▶ [Exercise instructions]:
Exclude the pictures and repeat all of the data exactly.

▶ [Records shown]:
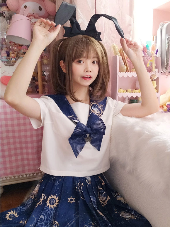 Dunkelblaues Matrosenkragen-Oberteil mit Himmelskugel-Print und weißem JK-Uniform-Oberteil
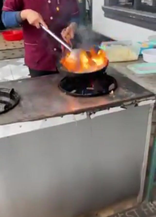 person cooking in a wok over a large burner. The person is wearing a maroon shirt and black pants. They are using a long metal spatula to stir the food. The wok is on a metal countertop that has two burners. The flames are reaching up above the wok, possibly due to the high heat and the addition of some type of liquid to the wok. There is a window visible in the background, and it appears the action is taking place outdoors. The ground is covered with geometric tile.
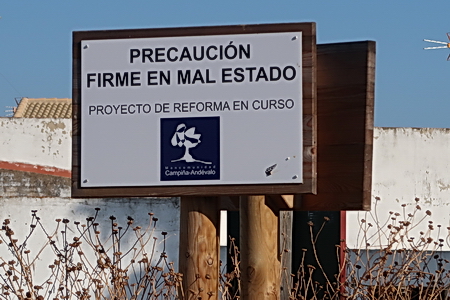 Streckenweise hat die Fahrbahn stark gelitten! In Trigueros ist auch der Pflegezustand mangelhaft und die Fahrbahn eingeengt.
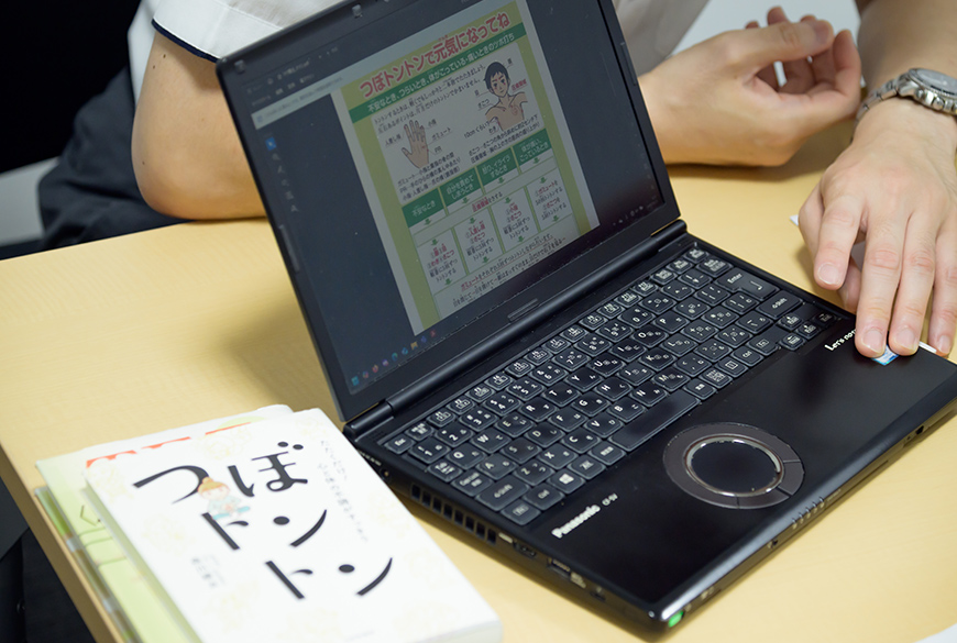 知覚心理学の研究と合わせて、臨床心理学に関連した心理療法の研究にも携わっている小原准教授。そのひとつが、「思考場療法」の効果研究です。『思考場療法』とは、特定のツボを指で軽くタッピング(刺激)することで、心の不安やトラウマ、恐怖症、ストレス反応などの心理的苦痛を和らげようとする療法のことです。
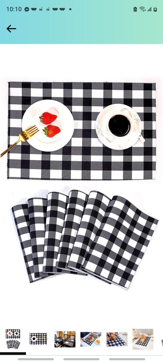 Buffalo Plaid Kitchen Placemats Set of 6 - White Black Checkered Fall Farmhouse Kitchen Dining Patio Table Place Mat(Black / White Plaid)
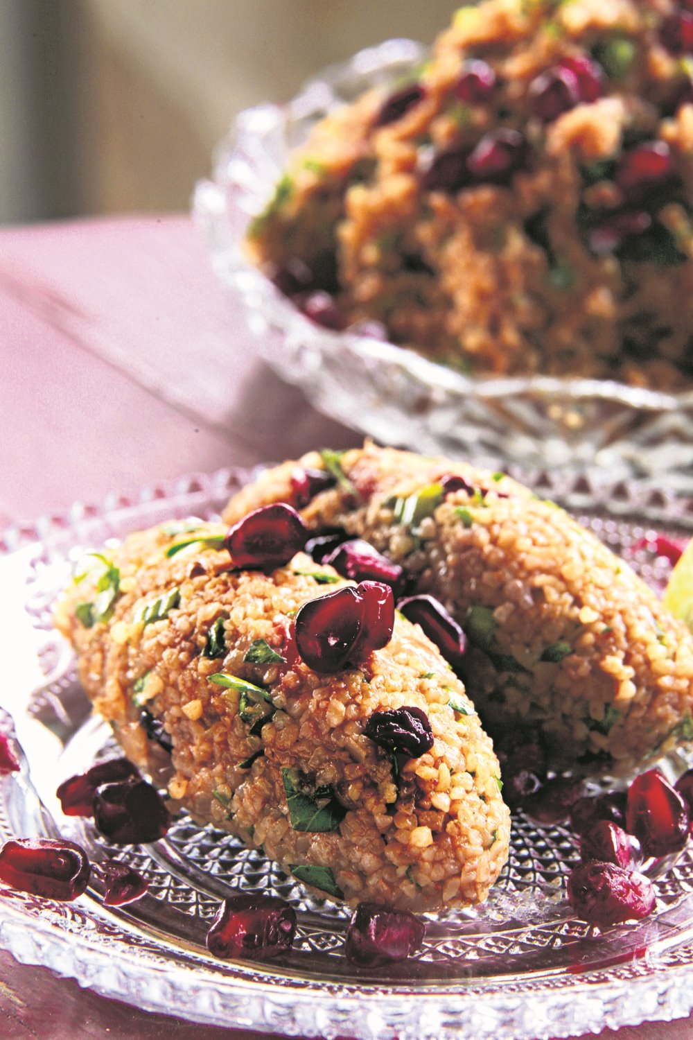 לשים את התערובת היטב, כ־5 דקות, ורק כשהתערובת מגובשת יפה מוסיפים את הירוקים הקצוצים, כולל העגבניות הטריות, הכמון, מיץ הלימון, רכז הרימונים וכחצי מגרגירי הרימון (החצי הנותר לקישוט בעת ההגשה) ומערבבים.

▶ [Task answer]:
 Dunkelblaues Matrosenkragen-Oberteil mit Himmelskugel-Print und weißem JK-Uniform-Oberteil
 person cooking in a wok over a large burner. The person is wearing a maroon shirt and black pants. They are using a long metal spatula to stir the food. The wok is on a metal countertop that has two burners. The flames are reaching up above the wok, possibly due to the high heat and the addition of some type of liquid to the wok. There is a window visible in the background, and it appears the action is taking place outdoors. The ground is covered with geometric tile.
 Streckenweise hat die Fahrbahn stark gelitten! In Trigueros ist auch der Pflegezustand mangelhaft und die Fahrbahn eingeengt.
 知覚心理学の研究と合わせて、臨床心理学に関連した心理療法の研究にも携わっている小原准教授。そのひとつが、「思考場療法」の効果研究です。『思考場療法』とは、特定のツボを指で軽くタッピング(刺激)することで、心の不安やトラウマ、恐怖症、ストレス反応などの心理的苦痛を和らげようとする療法のことです。
 Buffalo Plaid Kitchen Placemats Set of 6 - White Black Checkered Fall Farmhouse Kitchen Dining Patio Table Place Mat(Black / White Plaid)
 לשים את התערובת היטב, כ־5 דקות, ורק כשהתערובת מגובשת יפה מוסיפים את הירוקים הקצוצים, כולל העגבניות הטריות, הכמון, מיץ הלימון, רכז הרימונים וכחצי מגרגירי הרימון (החצי הנותר לקישוט בעת ההגשה) ומערבבים.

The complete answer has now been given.